* **WHAT IS REQUIRED**
The expected copy holds every entry exactly and none of the pictures.

[Stored items from a collection]
=== Begin Enclosure ===

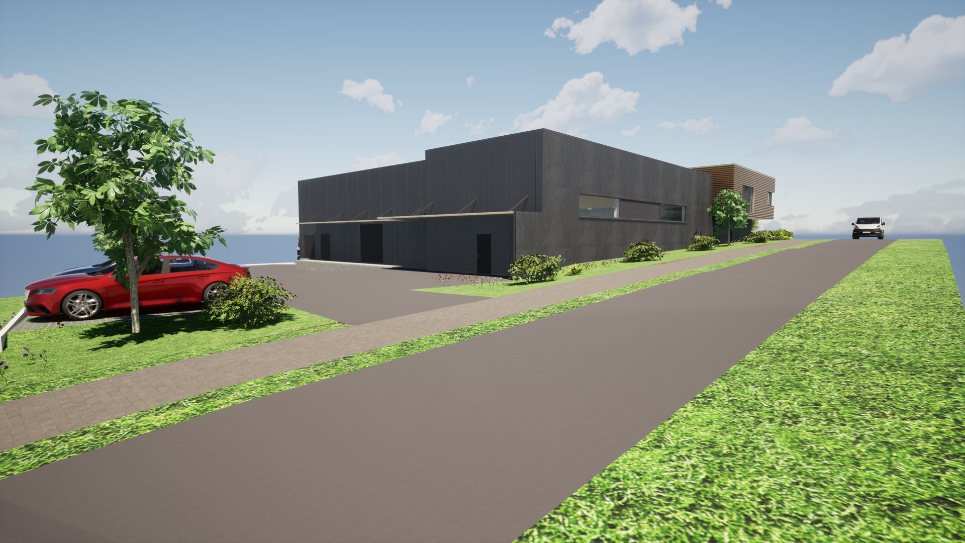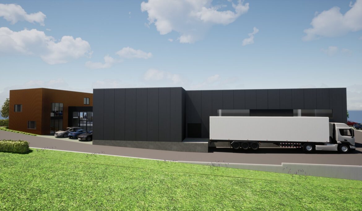 Construction des bureaux d’une société et de son hall de production.
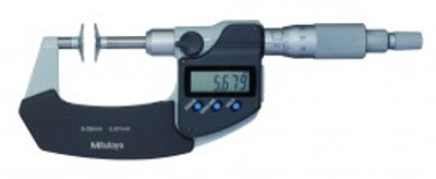 p>When you need to measure the root tangent lengths of spur and helical gears, the Mitutoyo 369-411 Series 369 Digimatic Disk Micrometer with Non-Rotating Spindle has you covered. The non-rotating spindle prevents torque on workpieces, and this model is equipped for SPC data output to help streamline your work. The ratchet stop supplies constant force, and the plastic case helps keep the micrometer safe when it's not in use.
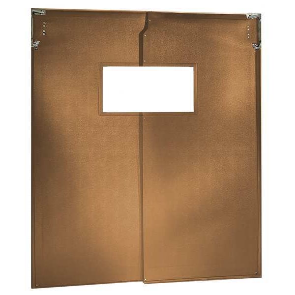 Swinging Door, Door Height 8 ft, Door Width 5 ft, Door Color Brown, Swinging Door Material PVC, Textured Finish, Door Thickness 1/4 in, Number of Doors 2, Window Height 14 in, Window Width 15 in, Bumpers Included No, Door Seals Included Yes, Opening Height 8 ft, Opening Width 5 ft, Window Color Clear, Window Material Vinyl, Left and Right Jamb, Standards USDA, Window Included Yes, 1 Pair
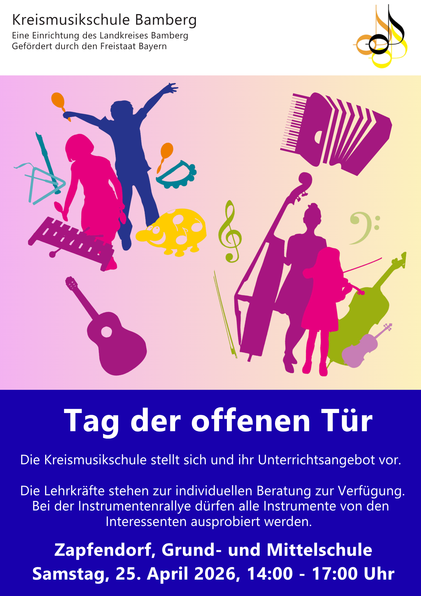 Die Kreismusikschule Bamberg lädt zum Tag der offenen Tür am Samstag, 25. April 2026 von 14:00 bis 17:00 Uhr in der Grund- und Mittelschule Zapfendorf ein.
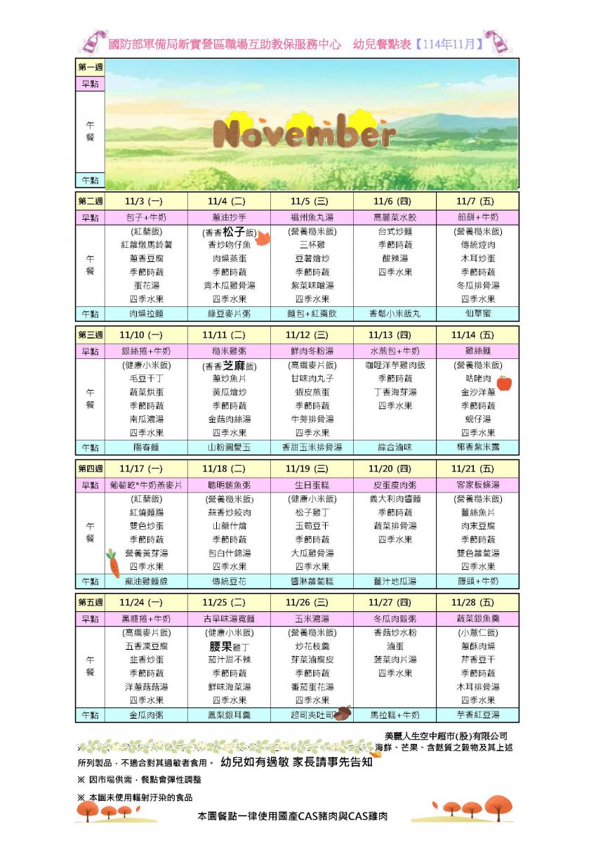 114年11月份餐點表

=== End Enclosure ===

* **EXERCISE SOLUTION**
 Construction des bureaux d’une société et de son hall de production.
 p>When you need to measure the root tangent lengths of spur and helical gears, the Mitutoyo 369-411 Series 369 Digimatic Disk Micrometer with Non-Rotating Spindle has you covered. The non-rotating spindle prevents torque on workpieces, and this model is equipped for SPC data output to help streamline your work. The ratchet stop supplies constant force, and the plastic case helps keep the micrometer safe when it's not in use.
 Swinging Door, Door Height 8 ft, Door Width 5 ft, Door Color Brown, Swinging Door Material PVC, Textured Finish, Door Thickness 1/4 in, Number of Doors 2, Window Height 14 in, Window Width 15 in, Bumpers Included No, Door Seals Included Yes, Opening Height 8 ft, Opening Width 5 ft, Window Color Clear, Window Material Vinyl, Left and Right Jamb, Standards USDA, Window Included Yes, 1 Pair
 Die Kreismusikschule Bamberg lädt zum Tag der offenen Tür am Samstag, 25. April 2026 von 14:00 bis 17:00 Uhr in der Grund- und Mittelschule Zapfendorf ein.
 114年11月份餐點表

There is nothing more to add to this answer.